The taste of her fear-driven flop sweat, her death, washes over my tongue, takes the edge off the hunger that’s always nested inside me. Taste prompts image. I see the girl, face upturned as she waits for her fix, then something striking fast at her chest. Not a knife, but a mouth with scimitar teeth that pop out like double switchblades. I’d like to say I focus on the face of the assailant in the vision, like a good cop would, but I don’t. Just the blood. So much blood. My gut clenches with a sympathetic convulsion.

I take my thumbs out of my mouth and scramble to my feet to find Nasey. He’s leaning against a rickety-looking banister, shooting the shit with two other dudes from the precinct.

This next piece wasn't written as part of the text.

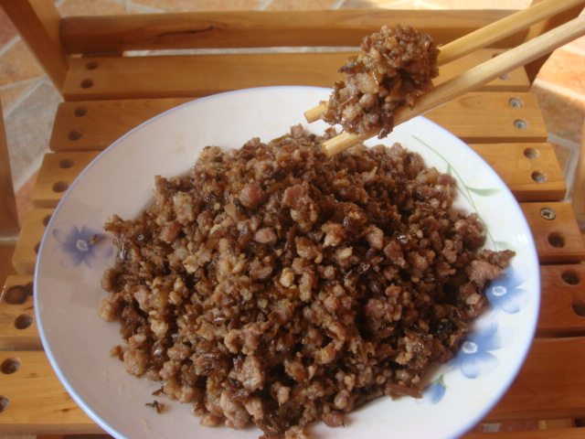 6:继续炒3分钟,要炒到肉末水分已经没有了,表面已经有点干了的时候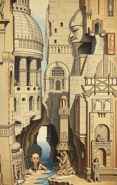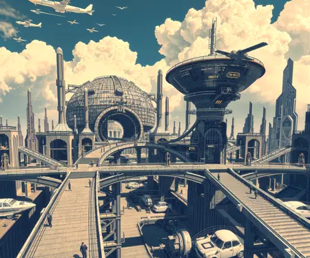 → 多层次城市景观,包含复杂的圆形与圆柱形结构

As soon as he sees me come through the doorway, he steps up to meet me.

“I’ve got to go,” I say. “You’ll have to deal with the paperwork.”

His eyes narrow. “Whadya have?”

“Nothing. A rumor to check out.”

As I start to brush by him, he gags, then swallows hard several times and grabs my arm. “If the rumor looks good, you’ll call me in, right?”

“Sure.”

“I mean it, Villagrán.”

He pronounces my surname perfectly. Nasey may play the part, but he’s not truly a redneck. He’s something else I haven’t been able to decipher yet, hurt and bitter and confident all rolled together.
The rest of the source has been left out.